The first and simplest check is to visit a few pages from the service
to make sure that things are working. Of course, this might not
suffice, since different pages might use different
resources—while code that does not use the database system
might work properly, code that does use it might not work if the
database server is down.
The second thing to check is the web server's
error_log file. If there are any problems, they
will probably be reported here. However, only obvious syntactic or
malfunction bugs will appear here—the subtle bugs that are a
result of bad program logic will be revealed only through careful
testing (which should have been completed before upgrading the live
server).
Periodic system health checking can be done using the
top utility, which shows
free memory and swap space, the machine's CPU load,
etc.
5.10.2. Apache::VMonitor—The Visual System and Apache Server Monitor
The Apache::VMonitormodule provides even better
monitoring functionality than top. It supplies
all the relevant information that top does, plus
all the Apache-specific information provided by
Apache's mod_status module (request processing time,
last request's URI, number of requests served by
each child, etc.) In addition, Apache::VMonitor
emulates the reporting functions of the top,
mount, and df utilities.
Apache::VMonitor has a special mode for mod_perl
processes. It also has visual alerting capabilities and a
configurable "automatic refresh"
mode. A web interface can be used to show or hide all sections
dynamically.
The module provides two main viewing modes:
Multi-processes and overall system status
Single-process extensive reporting
5.10.2.1. Prerequisites and configuration
To run Apache::VMonitor,
you need to have
Apache::Scoreboard installed and configured in
httpd.conf.
Apache::Scoreboard, in turn, requires
mod_status to be installed
with ExtendedStatus enabled. In
httpd.conf, add:
ExtendedStatus On
Turning on extended mode will add a certain overhead to each
request's response time. If every millisecond
counts, you may not want to use it in production.

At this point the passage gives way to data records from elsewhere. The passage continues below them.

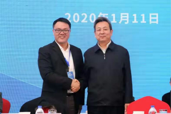 圖為2020年輪值會長沈彬與2019年輪值會長高祥明握手
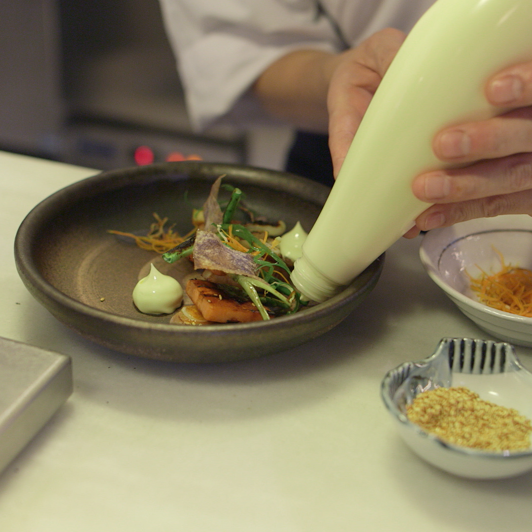 Char-grilled seasonal vegetables with teriyaki sauce and kewpie mayonnaise
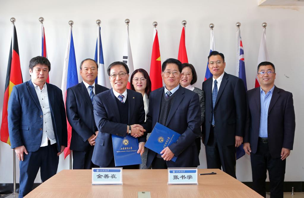 张书学代表学校欢迎金善在一行来访,向客人介绍了学校的办学历史、近期发展和国际化办学的基本情况。他指出,学校重视国际交流合作,希望两校能充分利用地缘优势,积极开展友好交流和务实合作。

You also need Time::HiRes and
GTop to be installed. And, of course, you need a
running mod_perl-enabled Apache server.
To enable Apache::VMonitor, add the following
configuration to httpd.conf:
The monitor will be displayed when you request
http://localhost/system/vmonitor/.
You probably want to protect this location from unwanted visitors. If
you are accessing this location from the same IP address, you can use
a simple host-based authentication:
<Location /system/vmonitor>
SetHandler perl-script
PerlHandler Apache::VMonitor
order deny,allow
deny from all
allow from 132.123.123.3
</Location>
Alternatively, you may use Basic or other authentication schemes
provided by Apache and its extensions.
You should load the module in httpd.conf:
PerlModule Apache::VMonitor
or from the the startup file:
use Apache::VMonitor( );
You can control the behavior of Apache::VMonitor
by configuring variables in the startup file or inside the
<Perl>section. To alter the monitor
reporting behavior, tweak the following configuration arguments from
within the startup file:
You can control the sorting of the mod_perl processes report by
sorting them by one of the following columns: pid,
mode, elapsed,
lastreq, served,
size, share,
vsize, rss,
client, or request. For
example, to sort by the process size, use the following setting:
$Apache::VMonitor::Config{SORT_BY} = "size";
As the application provides an option to monitor processes other than
mod_perl processes, you can define a regular expression to match the
relevant processes. For example, to match the process names that
include "httpd_docs",
"mysql", and
"squid", the following regular
expression could be used:
We will discuss all these configuration options and their influence
on the application shortly.
5.10.2.2. Multi-processes and system overall status reporting mode
The first mode is the one
that's used most often, since it allows you to
monitor almost all important system resources from one location. For
your convenience, you can turn different sections on and off on the
report, to make it possible for reports to fit into one screen.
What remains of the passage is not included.